Prompt >>
Output each line of the listing exactly, though pictures are not to appear.

Supplied material >>
== Segment start ==
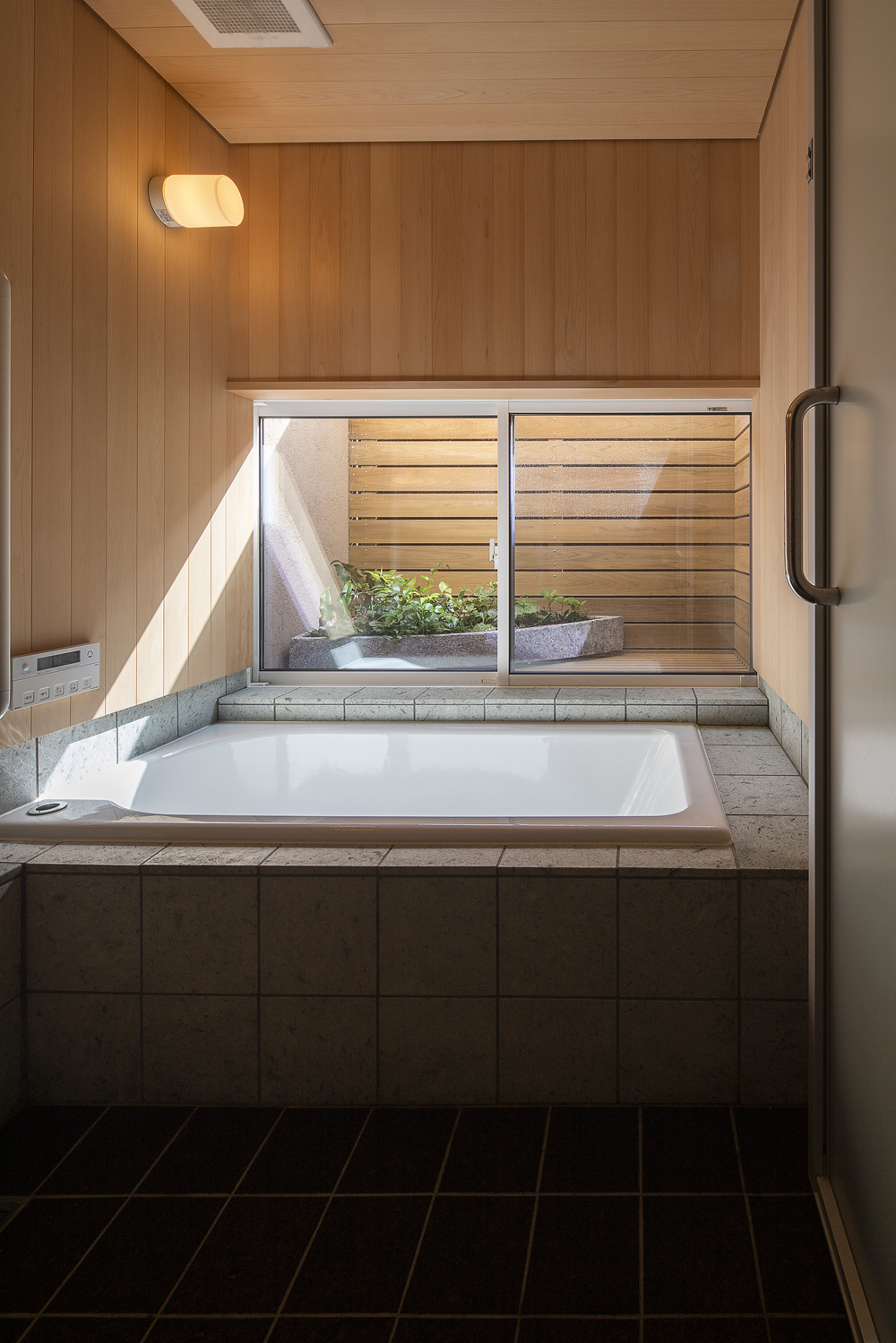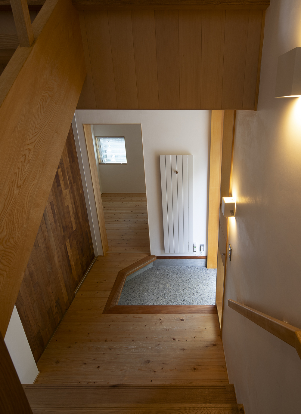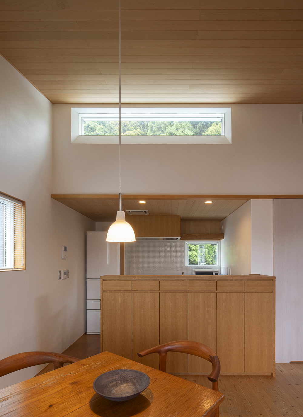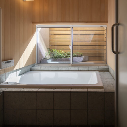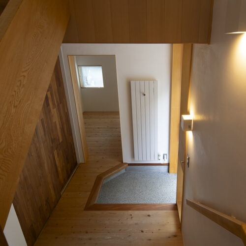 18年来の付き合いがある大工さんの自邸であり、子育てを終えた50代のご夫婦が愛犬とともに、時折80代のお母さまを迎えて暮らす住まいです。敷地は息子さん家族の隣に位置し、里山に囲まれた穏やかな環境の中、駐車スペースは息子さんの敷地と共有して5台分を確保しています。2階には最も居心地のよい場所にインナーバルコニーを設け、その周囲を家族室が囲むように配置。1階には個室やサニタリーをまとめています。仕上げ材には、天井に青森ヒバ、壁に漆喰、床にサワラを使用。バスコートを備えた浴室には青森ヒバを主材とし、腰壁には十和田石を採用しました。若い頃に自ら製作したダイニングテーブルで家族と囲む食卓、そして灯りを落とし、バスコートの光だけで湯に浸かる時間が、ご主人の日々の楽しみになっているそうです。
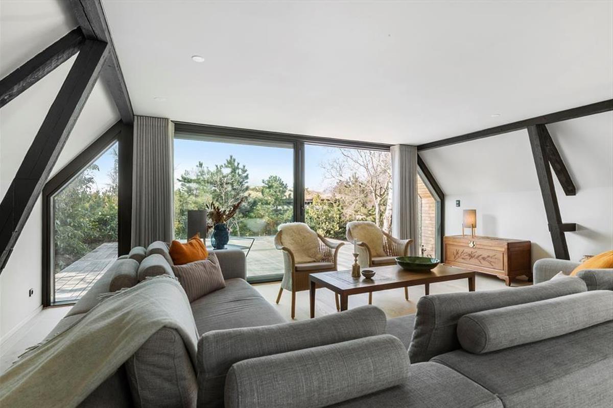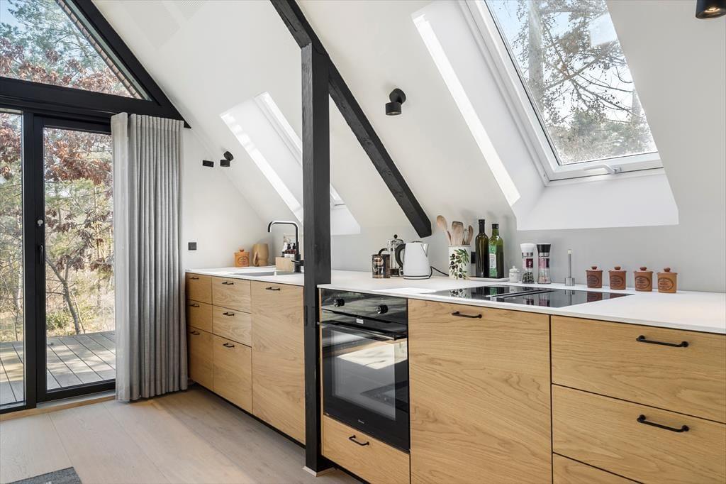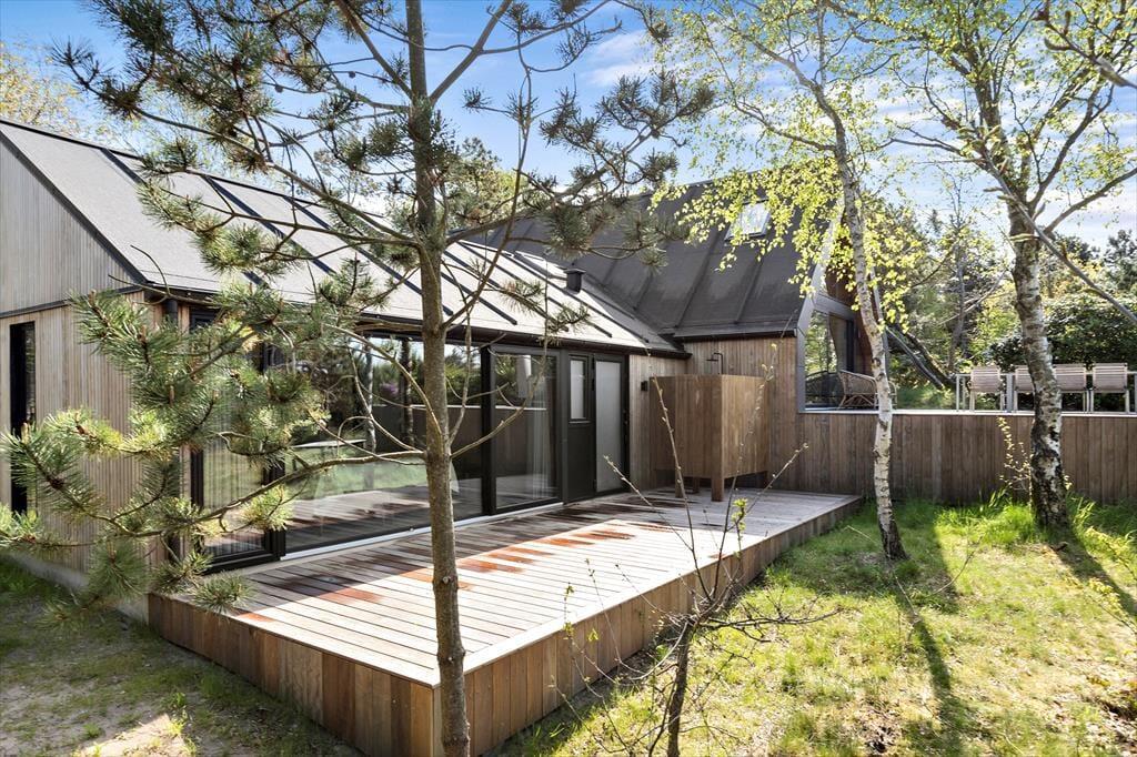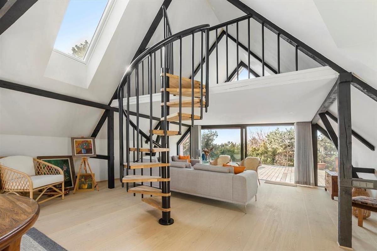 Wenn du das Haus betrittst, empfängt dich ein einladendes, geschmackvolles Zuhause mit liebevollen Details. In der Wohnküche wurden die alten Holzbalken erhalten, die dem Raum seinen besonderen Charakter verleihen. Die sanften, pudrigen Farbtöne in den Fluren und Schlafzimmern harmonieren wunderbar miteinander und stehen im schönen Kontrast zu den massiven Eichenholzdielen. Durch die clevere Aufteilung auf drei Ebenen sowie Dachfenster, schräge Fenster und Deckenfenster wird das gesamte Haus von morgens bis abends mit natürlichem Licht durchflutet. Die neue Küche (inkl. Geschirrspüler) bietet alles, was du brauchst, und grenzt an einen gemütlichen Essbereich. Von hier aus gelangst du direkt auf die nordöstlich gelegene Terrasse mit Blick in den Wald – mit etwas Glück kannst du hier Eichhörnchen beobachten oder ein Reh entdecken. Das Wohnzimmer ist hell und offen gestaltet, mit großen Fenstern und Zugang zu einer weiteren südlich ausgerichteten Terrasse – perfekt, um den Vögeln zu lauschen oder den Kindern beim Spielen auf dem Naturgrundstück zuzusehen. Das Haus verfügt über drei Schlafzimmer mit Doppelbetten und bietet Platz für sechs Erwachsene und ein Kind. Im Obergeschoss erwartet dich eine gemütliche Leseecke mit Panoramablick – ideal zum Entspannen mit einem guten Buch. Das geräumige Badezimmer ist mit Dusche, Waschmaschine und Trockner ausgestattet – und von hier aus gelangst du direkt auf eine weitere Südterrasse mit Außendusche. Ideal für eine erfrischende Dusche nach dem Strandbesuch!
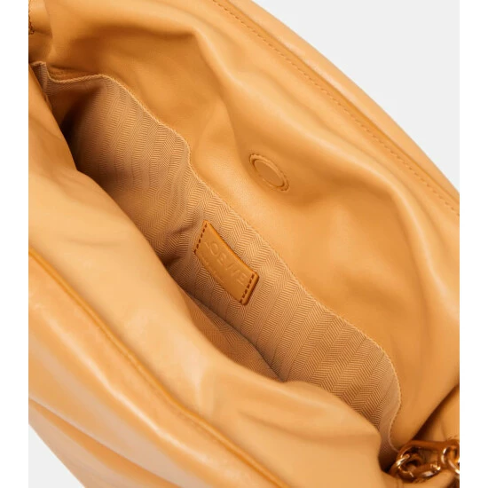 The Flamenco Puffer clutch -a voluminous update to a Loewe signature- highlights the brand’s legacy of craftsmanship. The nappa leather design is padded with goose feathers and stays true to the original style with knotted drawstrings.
== Segment end ==
Exercise output >>
 18年来の付き合いがある大工さんの自邸であり、子育てを終えた50代のご夫婦が愛犬とともに、時折80代のお母さまを迎えて暮らす住まいです。敷地は息子さん家族の隣に位置し、里山に囲まれた穏やかな環境の中、駐車スペースは息子さんの敷地と共有して5台分を確保しています。2階には最も居心地のよい場所にインナーバルコニーを設け、その周囲を家族室が囲むように配置。1階には個室やサニタリーをまとめています。仕上げ材には、天井に青森ヒバ、壁に漆喰、床にサワラを使用。バスコートを備えた浴室には青森ヒバを主材とし、腰壁には十和田石を採用しました。若い頃に自ら製作したダイニングテーブルで家族と囲む食卓、そして灯りを落とし、バスコートの光だけで湯に浸かる時間が、ご主人の日々の楽しみになっているそうです。
 Wenn du das Haus betrittst, empfängt dich ein einladendes, geschmackvolles Zuhause mit liebevollen Details. In der Wohnküche wurden die alten Holzbalken erhalten, die dem Raum seinen besonderen Charakter verleihen. Die sanften, pudrigen Farbtöne in den Fluren und Schlafzimmern harmonieren wunderbar miteinander und stehen im schönen Kontrast zu den massiven Eichenholzdielen. Durch die clevere Aufteilung auf drei Ebenen sowie Dachfenster, schräge Fenster und Deckenfenster wird das gesamte Haus von morgens bis abends mit natürlichem Licht durchflutet. Die neue Küche (inkl. Geschirrspüler) bietet alles, was du brauchst, und grenzt an einen gemütlichen Essbereich. Von hier aus gelangst du direkt auf die nordöstlich gelegene Terrasse mit Blick in den Wald – mit etwas Glück kannst du hier Eichhörnchen beobachten oder ein Reh entdecken. Das Wohnzimmer ist hell und offen gestaltet, mit großen Fenstern und Zugang zu einer weiteren südlich ausgerichteten Terrasse – perfekt, um den Vögeln zu lauschen oder den Kindern beim Spielen auf dem Naturgrundstück zuzusehen. Das Haus verfügt über drei Schlafzimmer mit Doppelbetten und bietet Platz für sechs Erwachsene und ein Kind. Im Obergeschoss erwartet dich eine gemütliche Leseecke mit Panoramablick – ideal zum Entspannen mit einem guten Buch. Das geräumige Badezimmer ist mit Dusche, Waschmaschine und Trockner ausgestattet – und von hier aus gelangst du direkt auf eine weitere Südterrasse mit Außendusche. Ideal für eine erfrischende Dusche nach dem Strandbesuch!
 The Flamenco Puffer clutch -a voluminous update to a Loewe signature- highlights the brand’s legacy of craftsmanship. The nappa leather design is padded with goose feathers and stays true to the original style with knotted drawstrings.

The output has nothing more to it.